Прамила замолчала. После трепета Малини ее внезапно появившаяся сила была сама по себе оружием.

"Я могу сделать все, что нужно", - процедила Прамила.

"Нужно ли убивать простую служанку?" спросила Малини, позволив своему голосу сорваться с ее губ, как шелковой петле. "Ну же, Прамила. Ты никогда не была жестокой". Ложь. Но Прамила поверила в эту ложь, и она показалась ей правдой. "Единственное необходимое убийство, которое ты должна совершить, это мое. И ты уклоняешься даже от этого, не так ли? Ты кормишь меня цветком-иглой, но не настолько, чтобы быстро убить меня. Ты умоляешь меня выбрать костер, но сама не зажжешь его подо мной.

"В этом ты очень похожа на моего брата". Малини позволила жалости просочиться в свой тон. "Он тоже не выносит, когда на его руках кровь. В конце концов, он решил пустить мою кровь на твои руки. Скажи мне, он недоволен тем, что я все еще живу? Неужели мое дальнейшее выживание - это неудача?"

"Я столько раз мечтала убить тебя сама", - прошипела Прамила. "Поверь мне, мечтала. Я не боюсь крови на своих руках. Но в отличие от тебя, принцесса, я стараюсь поступать правильно. Я так старалась, чтобы твоя смерть очистила тебя. Но теперь, теперь я снова и снова просыпаюсь от сна, пронизанного кошмарами, теперь я вижу одурманенные сны, в которых кричит моя дочь..." Прамила сглотнула. Она подняла нож еще выше.

По горлу Прии потекла густая струйка крови.

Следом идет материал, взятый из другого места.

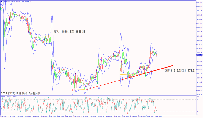 昨天(12日)美國財長耶倫表示未來一年通脹將大幅下降,市場樂觀美聯儲加息逐步趨緩,帶動道瓊斯和納指擴大上漲超1%。預期今天(13日)歐元區經濟景氣指數不佳,德指若跌破5日均線14,314,建議可短空操作。預期今天美國公佈CPI年率下降利好股指,納指若守住小時布林帶中軌11,671,建議可短多操作。
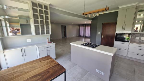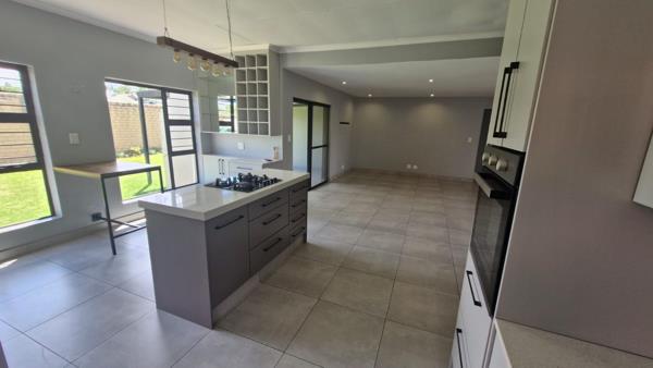 The interior features an open-plan layout, seamlessly connecting the living and kitchen areas. Modern light-colored tiled flooring, recessed lighting, and neutral grey walls create a contemporary ambiance. The kitchen is a highlight, equipped with grey cabinetry, light countertops, a central island with a gas hob, a built-in oven, and ample storage including a pantry. Large windows and sliding doors ensure abundant natural light throughout.

"Не делай ей больно", - сказала Малини и с ужасом услышала, как ее голос сам собой прервался. Клянусь матерями, одно дело дрожать, когда она решила это сделать. Совсем другое - делать это сейчас, когда властный голос на мгновение заставил Прамилу замереть и, возможно, сможет сделать это снова. "Не надо, Прамила, она ничто".

"" Ничто, - повторила Прамила. " Ничто, и все же - посмотри на себя. Ты собираешься плакать? Я думаю, что можешь. Если ты настолько унижена, что готова плакать из-за служанки, тогда - хорошо. Хорошо!" Смех Прамилы был больше похож на всхлип, на преследующую ее ленту горя. "Ты забрала у меня все!"

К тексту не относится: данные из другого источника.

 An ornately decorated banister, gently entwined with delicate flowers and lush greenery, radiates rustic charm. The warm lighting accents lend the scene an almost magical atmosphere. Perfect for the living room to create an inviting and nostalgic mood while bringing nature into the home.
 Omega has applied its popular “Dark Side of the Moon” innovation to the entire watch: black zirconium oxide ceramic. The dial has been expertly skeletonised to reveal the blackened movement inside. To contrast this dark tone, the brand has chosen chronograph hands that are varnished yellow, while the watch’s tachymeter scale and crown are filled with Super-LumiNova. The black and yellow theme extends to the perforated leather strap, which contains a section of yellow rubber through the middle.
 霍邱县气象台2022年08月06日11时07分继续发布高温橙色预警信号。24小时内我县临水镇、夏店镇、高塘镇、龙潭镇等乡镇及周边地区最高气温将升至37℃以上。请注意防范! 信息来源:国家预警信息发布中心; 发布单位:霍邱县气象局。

В прошлом Малини чувствовала себя беспомощной. Сейчас она не чувствовала себя беспомощной, хотя должна была бы. Ее щека пульсировала. В голове у нее кружились звезды.

"Если ты убьешь ее, - сказала она голосом, который, казалось, доносился откуда-то издалека, откуда-то из давних времен, за пределами смертных жизней, - ты не знаешь, что ты сделаешь со мной. Я увижу, как ты погибнешь, Прамила. Я увижу, как погибнут твои живые дочери. Я вычеркну из этого мира все, что приносит тебе радость. Я убью не только твою плоть. Я убью твое сердце и дух, и саму память о твоем имени и твоем роде. Я клянусь."